Шрифт:
Он долго не мог осознать до конца всей беспредельности катастрофы. Он поначалу хотел пройти свой крестный путь по родной земле, но все, кто был рядом, его убедили, что этот опыт не для него. Втайне он и сам ощущал: слишком привык к своему затворничеству, к своей отгороженности от мира, чтоб очутиться лицом к лицу с пестрядью изувеченных судеб. Кроме того, он был сокрушен, гадая о возможном доносчике.
Еще неожиданней было узнать, что она и не думает ехать с ним вместе. Ее объяснение прозвучало весьма благородно и самоотверженно - чужбина требует сильных натур, ей страшно оказаться обузой. Он счел себя не вправе настаивать, тем более ее осуждать. Ее даже трудно вообразить вне ее среды обитания, без телефонного перезвона, вечерних сборищ, последних слухов, всего этого фантомного быта, вдруг накренившегося над пропастью. Все это было так понятно! Ей ведь и в голову не приходило, что именно ее появление перевернуло его судьбу.
Последние дни Модеста на родине были удушливы и беспросветны. Сюжет, разумеется, ординарный для семидесятых годов, но что за тоска в этом слове "изгнание"! Возможно, когда-то оно и таило этакий поэтический отзвук вспомнишь Овидия или Данте. Советские годы двадцатого века покончили с лирикой хрестоматий. Булыжный канцелярский жаргон, люди без лиц, застеночный дух. Отъезд означает бесповоротность, прощание означает смерть. Взгляни на меня в остатний разочек - мы уже не увидимся больше.

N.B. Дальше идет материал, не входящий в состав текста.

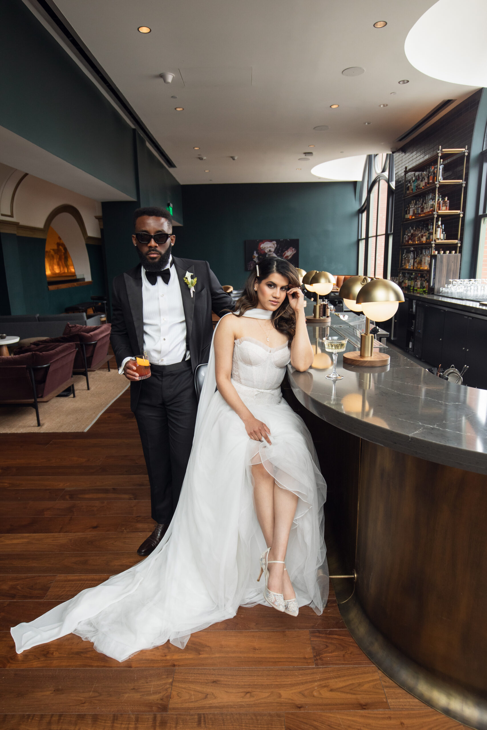 And who better to capture the intrigue of a turn-of-the-century love story than our bride and groom, Jennica and Eddy? Jennica’s warm, inviting smile is the perfect match for Eddy’s suave smirk and sunglasses. It’s giving high fashion meets vintage romance.
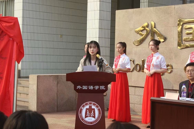 仪式最后,学校党委副书记扈庆学和副校长胡钦晓共同为本次外语文化艺术节主题“语众不同,丽溢曲园”揭幕。本次启动仪式在同学们的热烈掌声中圆满结束。
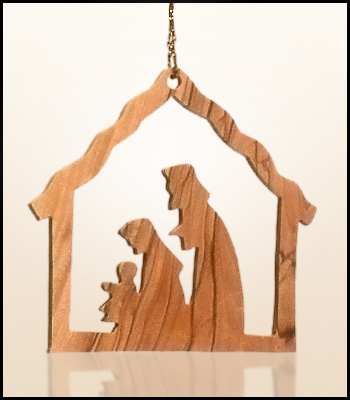 Wiszące świąteczne ozdoby z Ziemi Świętej wykonane z drzewa oliwnego.
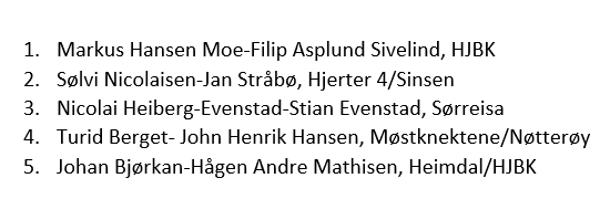 Vinnerparet er fra Helgeland Juniorklubb (HJBK), og dette er vel et av de yngste makkerparene som har vunnet en stor turnering i Norge; Markus Hansen Moe er 10 år, og makkeren Filip Asplund Sivelind er 12!
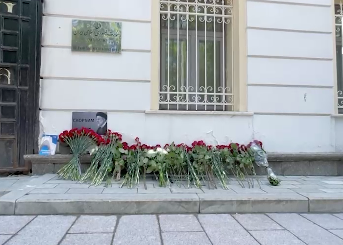 Москвичи пришли к посольству Ирана, чтобы возложить цветы в память о президенте Раиси.
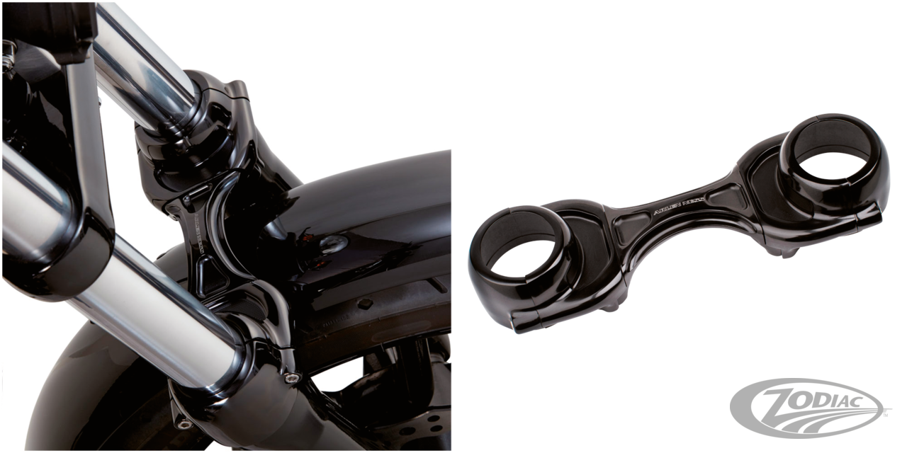 Für 39mm Gabeln der FXR und Sportster Modelle von 2000-2017 mit 19" Vorderrad, ausser XL883N Iron, XL1200N Nightster, XL1200NS Iron & XR1200, Method Gabelstabi, schwarz-eloxiert
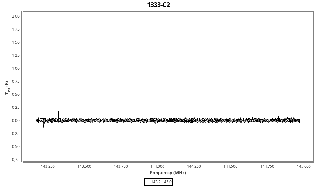 | Tmb (K) | Width (km/s) | I (K km/s) | Vlsr (km/s) | Obs. freq (MHz) | Rest freq (MHz) | S/N ratio | Transition | Reduced spectrum | Original spectrum |
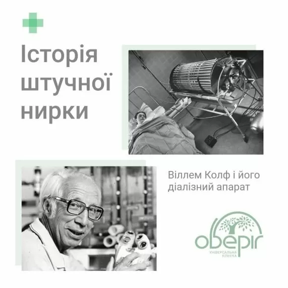 Нідерландський лікар Віллем Колф створив перший діалізний апарат – штучну нирку, використавши оболонки сосисок і мотор швейної машинки. До 1960-х років пацієнти з нирковою недостатністю просто вмирали. Лікарі не могли їм допомогти. Винайдення діалізного апарату не тільки дозволило рятувати життя, але й стало потужним поштовхом для розвитку трансплантології. Адже завдяки діалізу пацієнти могли дочекатися пересадки нирки.

Я затрудняюсь достаточно зримо представить его эмигрантские годы. Париж, который давно стал домом для наших восторженных книгочеев - стократно описан любой уголок, - умеет быть неприступно холодным. Умеет, при случае, показать, что место пришельца - не дальше передней. Но дело не в том, каков Париж, дело в Москве, насильственно отнятой, в которой он жил со дня рождения и от которой он был отторгнут.
Нас убивают не возраст, не хворь. Мы угасаем, когда утрачиваем связь с будущим, когда понимаем, что завтрашний день не для нас и не наш. У всякой души есть свой фитилек, которому необходимо знать, зачем он зажжен, зачем мерцает. Зоркие люди давно заметили, что каждый стoящий человек живет, пока его жизнь имеет большую цену, чем его смерть. Как человек литературный, добавлю, что смерть должна обладать так же, как жизнь, чувством стиля и, может быть, даже больше, чем жизнь, зависит от требований эстетики. Нужно загодя слышать финальную реплику и даже при любви к многоточию ставить точку, когда это необходимо. Модест разрешил себе умереть. Именно так я объясняю его безвременную кончину.
Его историю я узнал много позже. Сначала от тех, кто с ним общался, а после судьба свела меня с женщиной, перечеркнувшей его биографию. Кстати, теперь она озабочена тем, чтоб его увековечить - хлопочет о сборнике воспоминаний.
Она удивила меня откровенностью. Похоже, что истовая исповедальность стала для этого существа таким же средством самоутверждения, как некогда ее близость с Модестом. Дорого же ему обошлись эти неублажимые страсти!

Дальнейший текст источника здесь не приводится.